Patient no. 7, a 58-year-old man, was referred for elective aortic valve replacement because of a 3-year history of shortness of breath on effort. Echocardiography before surgery revealed severe aortic stenosis and moderate regurgitation. At surgery he was found to have a thickened bicuspid valve. He underwent an uneventful valve replacement with a bioprosthesis. Gross examination at surgery was unremarkable; however, histologic examination (Fig 4) revealed a fibrotic and calcified valve and fibrinous vegetations with a neutrophilic infiltrate. Infectious disease consultation did not reveal any clue for endocarditis in the patient's history, physical examination, or laboratory tests. Before surgery his hemoglobin was 13.2 g/dL and the white blood cell count was 4,700/mL. Blood cultures remained sterile. After these histologic results, serologic tests revealed very high titers of Q fever immunoglobin G antibodies (immunoglobin G phase I, >1:32,000; immunoglobin G phase II, 1:8,000; immunoglobin M phase I and II, 1:20). There was no known exposure to pets. The patient was diagnosed as having Q fever endocarditis and was discharged on doxycycline and hydroxychloroquine [12], which he is scheduled to receive for at least 3 years; a future negative Q fever titer may be the most important determinant for discontinuation of treatment. He is currently 6 months after surgery and asymptomatic. Latent Q fever endocarditis, detected at elective surgery, has been rarely described in the literature [13].

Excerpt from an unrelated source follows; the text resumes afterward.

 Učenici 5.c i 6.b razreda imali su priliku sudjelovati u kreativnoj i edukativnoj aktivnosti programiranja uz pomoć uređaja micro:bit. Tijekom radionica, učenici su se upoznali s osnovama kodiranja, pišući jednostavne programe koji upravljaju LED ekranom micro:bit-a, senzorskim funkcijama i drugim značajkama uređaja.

View larger version (100K): [in this window] [in a new window]   Fig 4. Histopathologic examination of heart valve of patient no. 7, showing fibrosis, calcifications, and fibrinoid vegetations with neutrophilic infiltrate.

	Comment

Top Abstract Introduction Patients and Methods Results Comment References

Two groups [3, 4] have described patients with a similar clinicopathologic picture. The first one conducted a histologic examination of 150 excised aortic valves, which were replaced for a diagnosis other than infective endocarditis, and in 17 (11.3%) found acute (n = 7) or chronic (n = 10) endocarditis [3]. The second paper summarizes the results of a similar study of 35 aortic or mitral valves, and in 4 (11.4%) histologic findings were consistent with endocarditis [4]. Neither report provided information regarding the postoperative clinical course, whether the findings influenced the management of these patients, or whether the findings affected the patients' outcome. We cannot explain the difference between the incidence of latent endocarditis in these two studies and ours (0.9%). The paucity of publications on latent endocarditis probably indicates an overall low prevalence, and, therefore, our low figure may be more representative.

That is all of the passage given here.